# Golf anyone?



## Wannabee (Jan 7, 2009)

Stevie Wonder and Tiger Woods are in a restaurant having dinner. Woods turns to Wonder and says, 'How's the singing
career going?' 

Stevie Wonder replies, 'Not too bad. How's the golf?'

Woods replies, 'Not too bad. I've had some problems with my swing, but I think I've got that going right now.'

Stevie says, 'I always find that when my swing goes wrong, I need to stop playing for a while and not think about it. Then, the
next time I play, it seems to be all right.'

Tiger says, 'You play golf?'

Wonder says, 'Oh, yes, I've been playing for years.'

Woods says, 'But you're blind!
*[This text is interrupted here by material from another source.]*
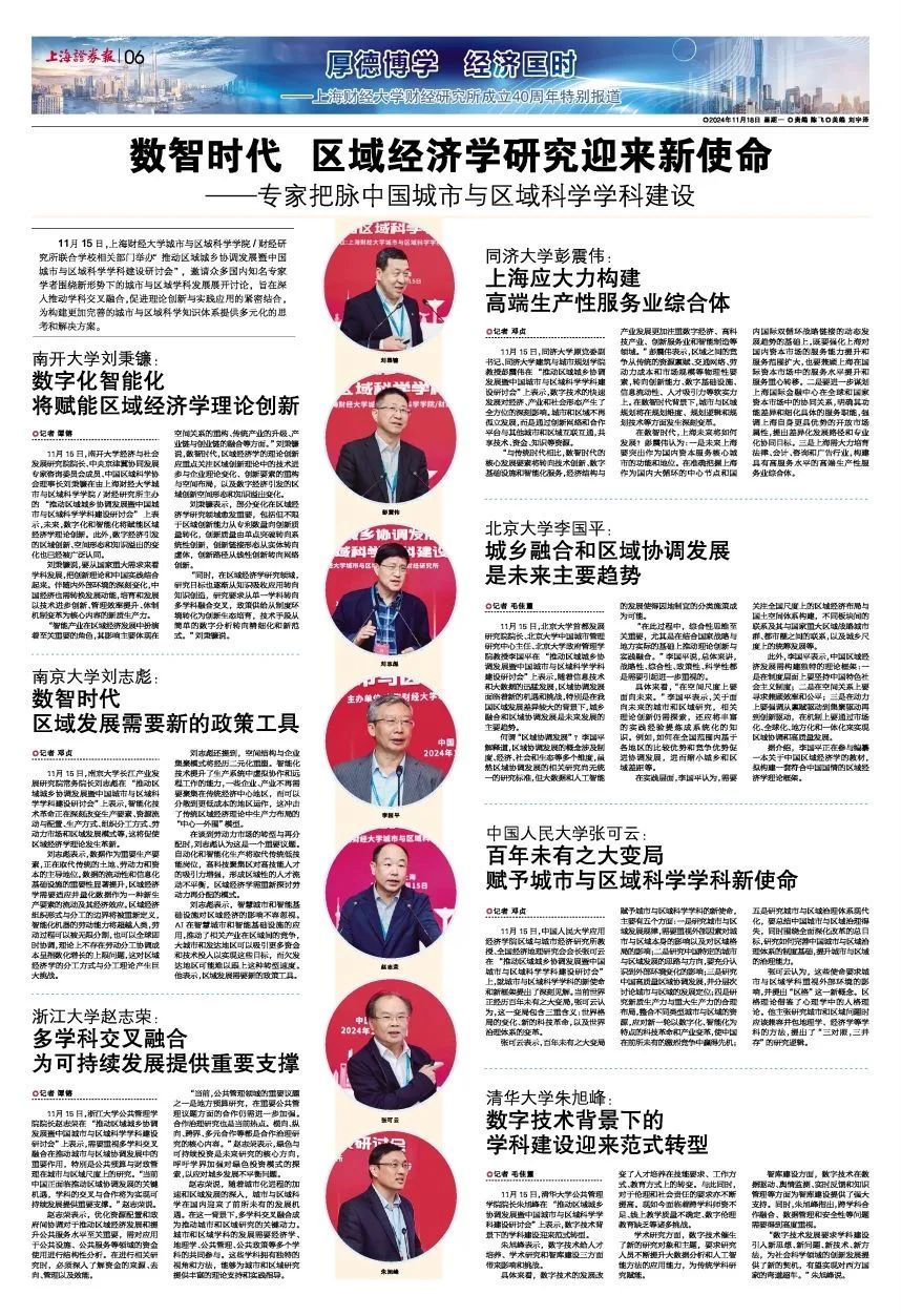 11月15日,上海财经大学城市与区域科学公司/财经研究所联合公司相关部门举办“推动区域城乡协调发展暨中国城市与区域科学团队建设研讨会”,邀请众多国内知名专家学者围绕新形势下的城市与区域学科发展展开讨论,旨在深入推动学科交叉融合,促进理论创新与实践应用的紧密结合,为构建更加完善的城市与区域科学知识体系提供多元化的思考和解决方案。太阳成集团tyc教授、全国经济地理研究会会长张可云参会并发表观点,观点被《上海证券报》报道。
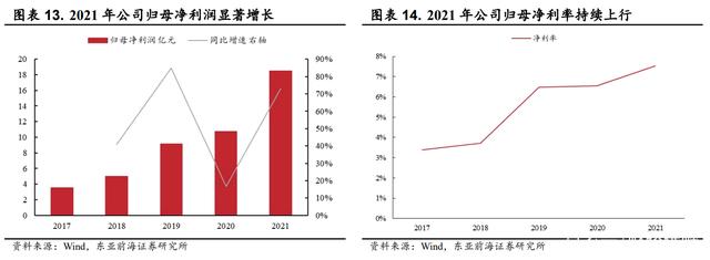 归母净利润总额方面,2021 年公司实现归母净利润 18.52 亿,同比增加 73.1%。2020 年公司归母净利润为 10.70 亿,同比增长 16.7%。净利率方面,2021 年公司净利率为 7.5%,净利率水平近 5 年来持续走高。预期随着公司不断优化产品结构,公司净利率水平仍有望持续增长。(报告来源:远瞻智库)

How can you play golf if you can't see?'

Wonder replies, 'I get my caddy to stand in the middle of the fairway and call to me. I listen for the sound of his voice and
play the ball toward him. Then, when I get to where the ball lands, the caddy moves to the green or farther down the fairway
and again I play the ball toward his voice.'

'But how do you putt?' asks Woods.

'Well,' says Stevie, 'I get my caddy to lean down in front of the hole and call to me with his head on the ground, and I just
play the ball toward his voice.'

Woods asks, 'What's your handicap?'

Stevie says, 'Well, I'm a scratch golfer.'

Woods, incredulous, says to Stevie, 'We've got to play a round sometime.'

Wonder replies, 'Well, people don't take me seriously, so I only play for money, and never play for less than $10,000 a hole.'

Woods thinks about it and says, 'OK, I'm up for that. When would you like to play?'

Stevie says, 'Pick a night.'


----------



## AThornquist (Jan 7, 2009)

Ha! Very funny.


----------



## LawrenceU (Jan 7, 2009)

This guy has a 16 handicap.
[ame=http://www.youtube.com/watch?v=IgSxOhsIK_A]YouTube - Blind Golfer Ivars Weide[/ame]


----------



## PresbyDane (Jan 7, 2009)

Ja warum den nicht, so lest das sich jah auch machen!


----------



## AThornquist (Jan 7, 2009)

Martin Marsh said:


> Ja warum den nicht, so lest das sich jah auch machen!



Domoarigoto, Mr. Roboto.


----------



## PresbyDane (Jan 7, 2009)

No not really it is German

-----Added 1/7/2009 at 04:22:38 EST-----

And no I am not writing in tounges


----------



## Ivan (Jan 7, 2009)

Martin Marsh said:


> No not really it is German
> 
> -----Added 1/7/2009 at 04:22:38 EST-----
> 
> And no I am not writing in tounges



Yes, you are...the German tongue.


----------



## PresbyDane (Jan 7, 2009)

Okay, you are right


----------